Schizofrenia o politica? Politica o schizofrenia?

16 giu – Sarebbe lungo citare i singoli opinionisti e retroscenisti che si misurano sulle principali questioni politiche dei nostri giorni. Meglio limitarsi a una  più facile lettura, cercando di non cadere nel minimalismo.

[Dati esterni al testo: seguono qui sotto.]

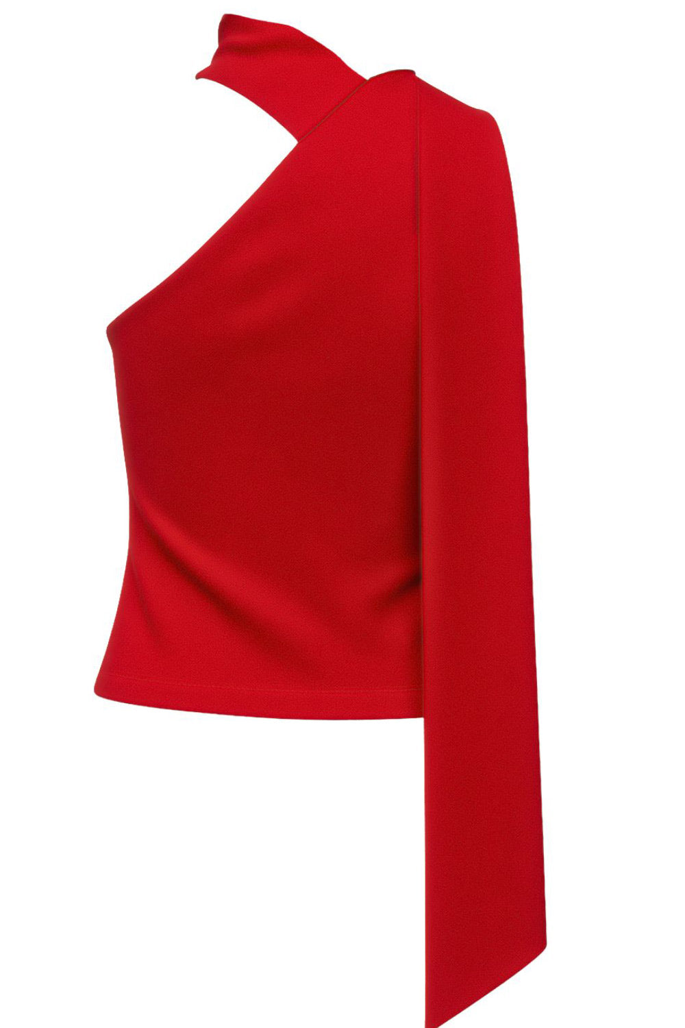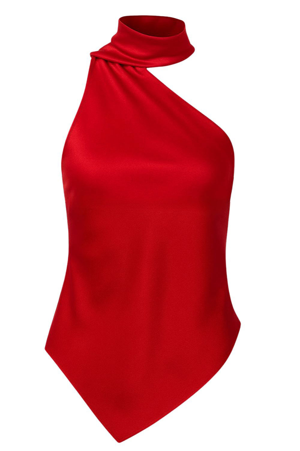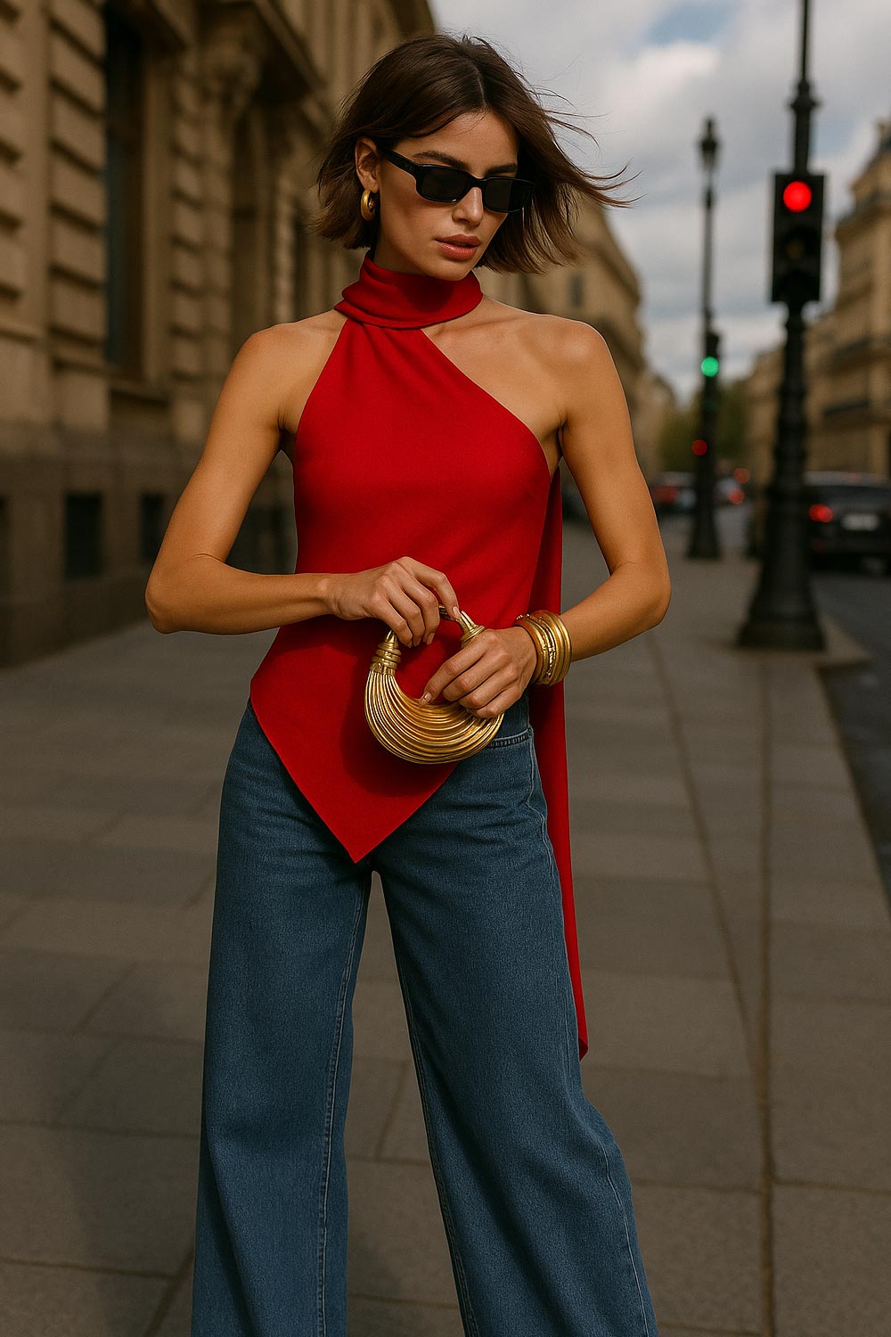Blusa de fit recto, de un hombro, sin mangas, escote diagonal con detalle de choker cruzado y bajo frontal asimétrico.

Per alcuni, Berlusconi è un residuato bellico della Seconda repubblica.
Un rottamato virtuale anche per effetto del formattamento (o formattazione?) praticato dalle giovani marmotte della politica. In pratica, un nonno/zio alquanto rincoglionito, ma simpatico.
Per altri, il solito Caimano capace di tutto, rovina perpetua e conclamata del Paese.
Capace di distruggere, in poche battute,  quanto di miracoloso e geniale è stato appena creato da quel demiurgo instancabile che ha il destino nel nome: Monti,  evocatore di vette conquistate, di cime violate, di silenzi cosmici; lassù dove osano le aquile, e latitano le vecchie galline liberali.

Poi c’è un Berlusconi “normale” a cui tutto è riuscito, meno che la politica.
Ma non  fa notizia, e diventa un Cavalier Brambilla qualunque.

Qualora non avvertiate una diffusa sindrome da schizofrenia in quanto narrato, potrebbe esserci qualcosa che non va…

Tenetelo presente per la vostra igiene mentale. Potreste aver bisogno di una registrata alle punterie.